Happiness is Destination Pain is the Process

Wednesday, April 25, 2007

BaCK TO WERK!!!!

After a "long" break, it's time to get back on my feet and WORK! Awww, it is really a drag man. Few Days at home, and im already feeling lazy to come back to the daily "no life" routine.

Yesterday, had a really long day but yet fun events with Zul and Fyza. Zul and Fyza came back from their night shift and meet me up ard 1030hrs at Tanah Merah InterChange and head off to Chinese Garden to our Destination "Jurong Swimming Complex". They must be tired. Zul had a nap on my Bantal Shoulder while fyza is controlling not to sleep. So We Reach there, get changed..snap some pics. Since all of us will be jumping into the water, so the camera has to stay inside the locker. So, if you are hoping to see us playing in the pool..guess not!:-P. We spent almost 2 hours there. I really like the man made wave...HEHE. So cool...and Shiook!! Ehough of Soaking ourselves, we get changed and head off to PizzaHut/KFC and had our Lunch. Gosh! u cant believed, we were totally Famished. We Ordered so Much...more like a 6 PerSon Meal..HaHA..We ORder a Reg Super SupReme Pizza, 1 Lasagne, 10 pc Sweet and Spicy Drumlets, Garlic Bread, Starry Muchies and 2 Cheese Fries and of coz..2 Lemon Tea, 1 can of PEpsi and 1 BOttle of PEpsi since we bought the Meal. HAHa..can u Imagine 3 Young Ladies ate that Much. HEHE!

After that we Went to Bugis and we Shop Like Hell mostly Makeup. My oh My..enuf is enuf. Im not GOnna Spend any Single Cent anymore on Makeup for this month. I spent a hundred over just on Makeup. Some for my Exam which is coming soon..and some for my personal Makeup. Around 1900hrs, we head back home, while me...despite the tirednes and the pain that my sole is giving me, i had to make my way to Tam p LPZone to retrieve my jeans that i ask them to tailor. Once done, i quickly went back. My Sole Couldnt take it Anymore.

Today - i Went over to MArdy's Place to practice my Makeup on her SIs. Her Sis, Marzura is a replacement for her since she cant make it on the exam date.
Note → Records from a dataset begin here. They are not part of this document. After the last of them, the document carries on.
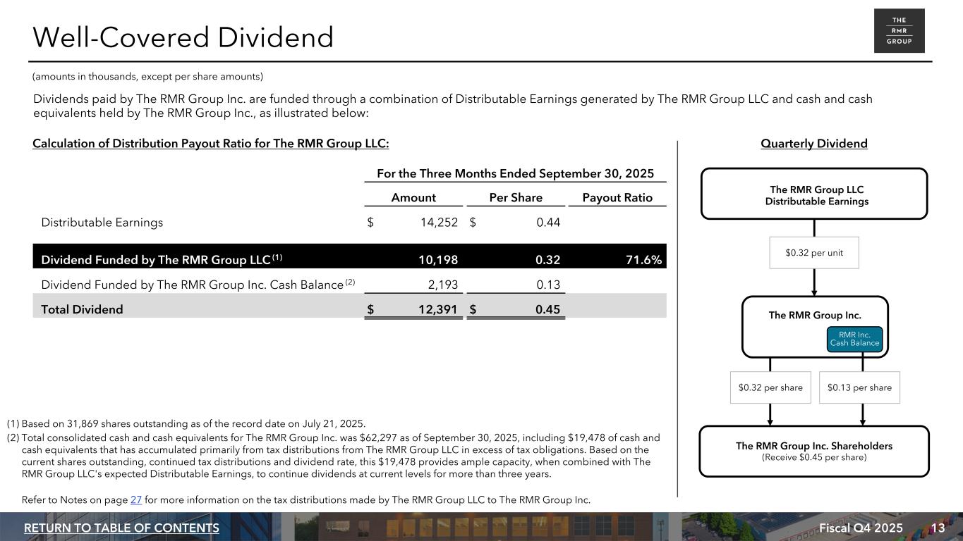13Fiscal Q4 2025RETURN TO TABLE OF CONTENTS The RMR Group Inc. For the Three Months Ended September 30, 2025 Amount Per Share Payout Ratio Distributable Earnings $ 14,252 $ 0.44 Dividend Funded by The RMR Group LLC (1) 10,198 0.32 71.6% Dividend Funded by The RMR Group Inc. Cash Balance (2) 2,193 0.13 Total Dividend $ 12,391 $ 0.45 Well-Covered Dividend (amounts in thousands, except per share amounts) Dividends paid by The RMR Group Inc. are funded through a combination of Distributable Earnings generated by The RMR Group LLC and cash and cash equivalents held by The RMR Group Inc., as illustrated below: The RMR Group Inc. Shareholders (Receive $0.45 per share) Quarterly DividendCalculation of Distribution Payout Ratio for The RMR Group LLC: (1) Based on 31,869 shares outstanding as of the record date on July 21, 2025. (2) Total consolidated cash and cash equivalents for The RMR Group Inc. was $62,297 as of September 30, 2025, including $19,478 of cash and cash equivalents that has accumulated primarily from tax distributions from The RMR Group LLC in excess of tax obligations. Based on the current shares outstanding, continued tax distributions and dividend rate, this $19,478 provides ample capacity, when combined with The RMR Group LLC's expected Distributable Earnings, to continue dividends at current levels for more than three years. Refer to Notes on page 27 for more information on the tax distributions made by The RMR Group LLC to The RMR Group Inc. The RMR Group LLC Distributable Earnings $0.32 per unit $0.32 per share $0.13 per share RMR Inc. Cash Balance
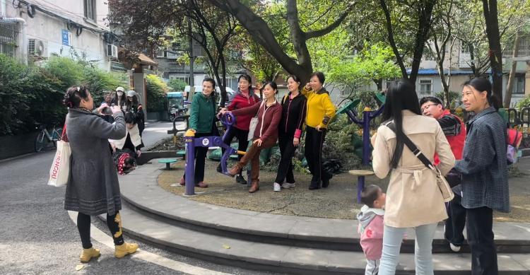 一位身穿绿衣的成都嬢嬢先是好奇地观望着排队的人群,看到年轻人打卡后,她效仿着骑了健骑机,下来后又自然地转了一旁的转轮。接着,她拉来四位身着彩色上衣的嬢嬢,一同拍照、打卡。
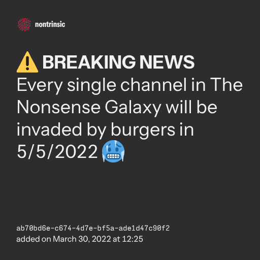 Every single channel in The Nonsense Galaxy will be invaded by burgers in 5/5/2022 🥶
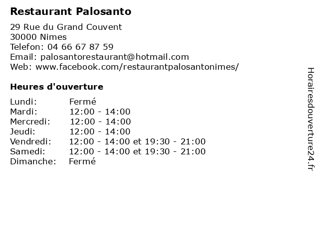 | Samedi | 12:00-14:00 et 19:30-21:00 |
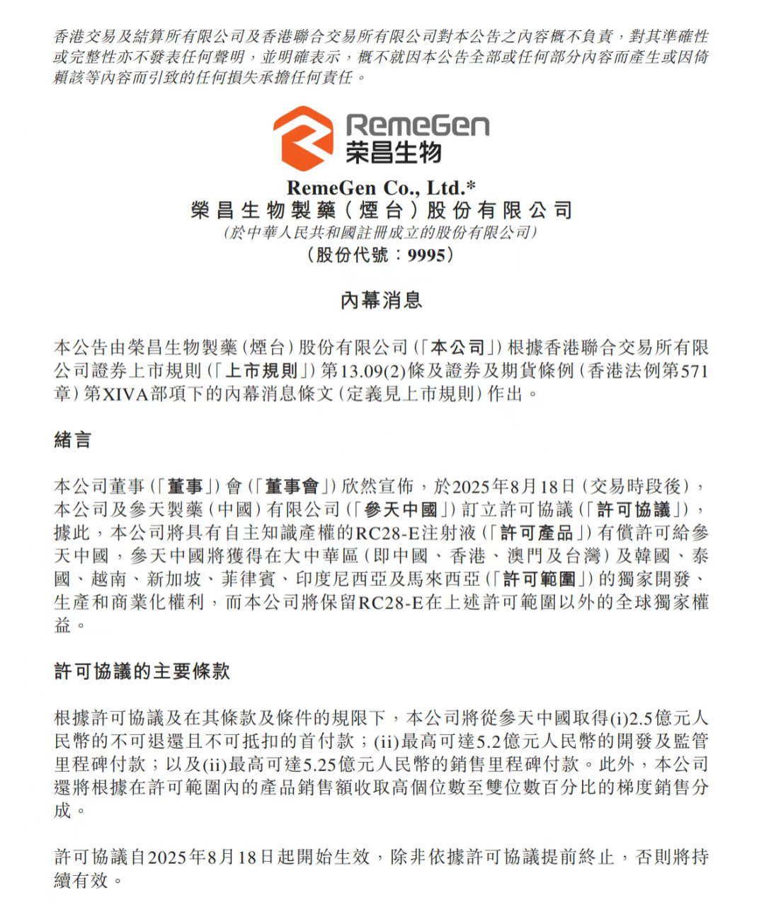 2025年8月19日,荣昌生物与日本参天制药全资子公司参天中国正式签订许可协议。荣昌生物将其自主研发的VEGF/FGF双靶标融合蛋白药物RC28-E注射液在大中华区(包括中国大陆、香港、澳门及台湾)及韩国、泰国、越南等七个亚洲主要市场的开发、生产和商业化权利授予参天制药。

Luckily she find me a replacement, if not..im dead! BErsyukur i got someone to be my model. Well, reached around 1300hrs, grab a bite ...and start of with my Makeup. Let the Pictures do the talking ( Pictures courtesy of MArdy

ME on the Job. Done with her Around 1 hr. I guess thats great. That means..i got half an hour more to do her Hair Properly


I Like THis Pic. She Look SO FlawLEss.

Here's THe PrincEsS. She Looks Good!

Thanks MarZura for Being My Model.

Monday, April 23, 2007

On Annual Leave

CuRrenT UpDate Of MySeLf - Getting Better A Little i Shall SAy. The Flu Have Gone and only The COugh ReMains. HatEs it So Much Coz it will Make Me Difficult To Breath and Ended up Having Asthma. I Have only 2 bottle ( is it called bottle??..mmm i cant find the right word) Left. Thot of Getting it in JB. But Plan With Enotz Was Cancelled due to HER Was beIng CallEd up To WoRK Last Minute! SomeTImes I HAte PoliCe Job! Muahaha! SO i Guess i got to Request it at the Company DOctor..Hmmm medicine Are Free, only consultation Fees of $5 will be cut From my Pay.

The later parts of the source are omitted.